> Exercise directions: From the line that contains "BTD Başkanı Sıtkı" to the last line of the data below, transcribe every line exactly. Do not include the pictures.

> Recorded data:
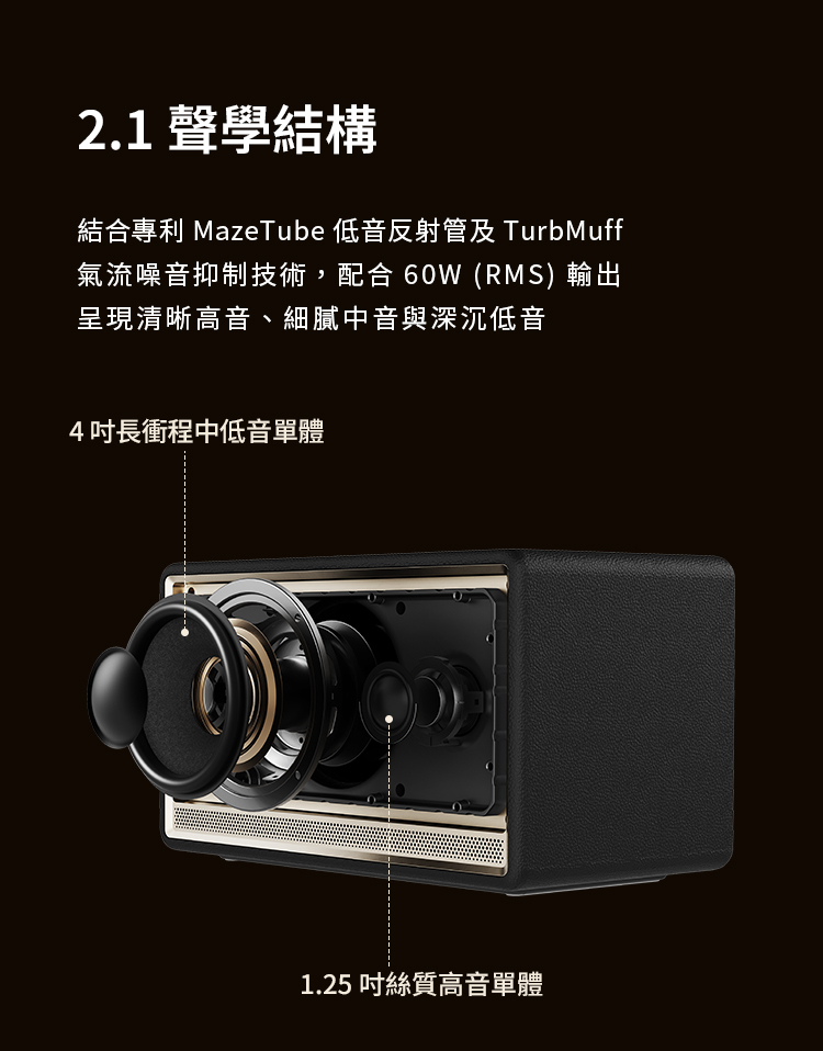 ● 搭載專利 MazeTube 低音反射孔+TurbMuff 氣流噪音抑制技術
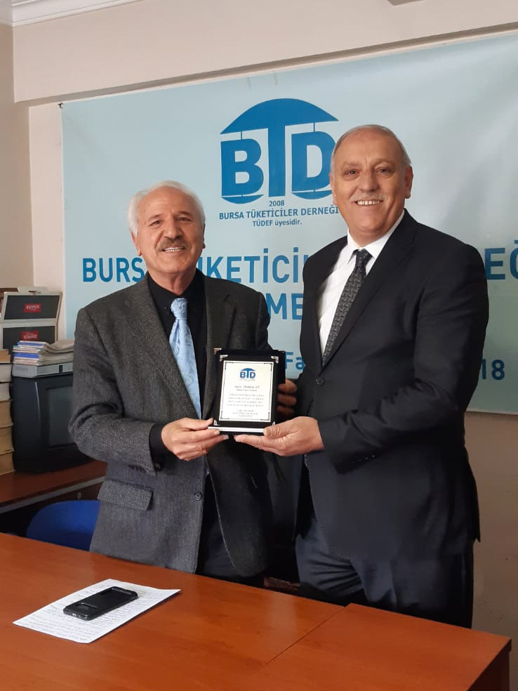 BTD Başkanı Sıtkı Yılmaz, Nilüfer Yazıişleri Müdürü ve Nilüfer İlçe Tüketici Hakem Heyeti Başkanı İbrahim Ay’a hizmetlerinden dolayı plaket takdim etti.
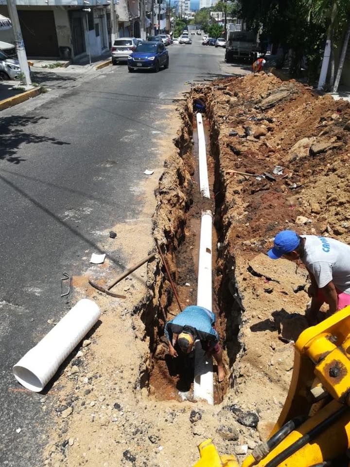 También se rehabilitaron tramos de tubería de drenaje en la calle Corregidora de la colonia Morelos; en avenida Vicente Guerrero (entre calle 4 y 5) de la colonia Vista Alegre; en Calzada Pie de la Cuesta y avenida Granjas del fraccionamiento Mozimba; en calle Cerro de los Cañones del fraccionamiento Las Playas; en calle Dragos de la colonia Cañada de Los Amates; en la calle Lomas del Mar en fraccionamiento Club Deportivo, así también en las calles comandante Carreón y Horacio Nelson del fraccionamiento Costa Azul.

> Task result:
 BTD Başkanı Sıtkı Yılmaz, Nilüfer Yazıişleri Müdürü ve Nilüfer İlçe Tüketici Hakem Heyeti Başkanı İbrahim Ay’a hizmetlerinden dolayı plaket takdim etti.
 También se rehabilitaron tramos de tubería de drenaje en la calle Corregidora de la colonia Morelos; en avenida Vicente Guerrero (entre calle 4 y 5) de la colonia Vista Alegre; en Calzada Pie de la Cuesta y avenida Granjas del fraccionamiento Mozimba; en calle Cerro de los Cañones del fraccionamiento Las Playas; en calle Dragos de la colonia Cañada de Los Amates; en la calle Lomas del Mar en fraccionamiento Club Deportivo, así también en las calles comandante Carreón y Horacio Nelson del fraccionamiento Costa Azul.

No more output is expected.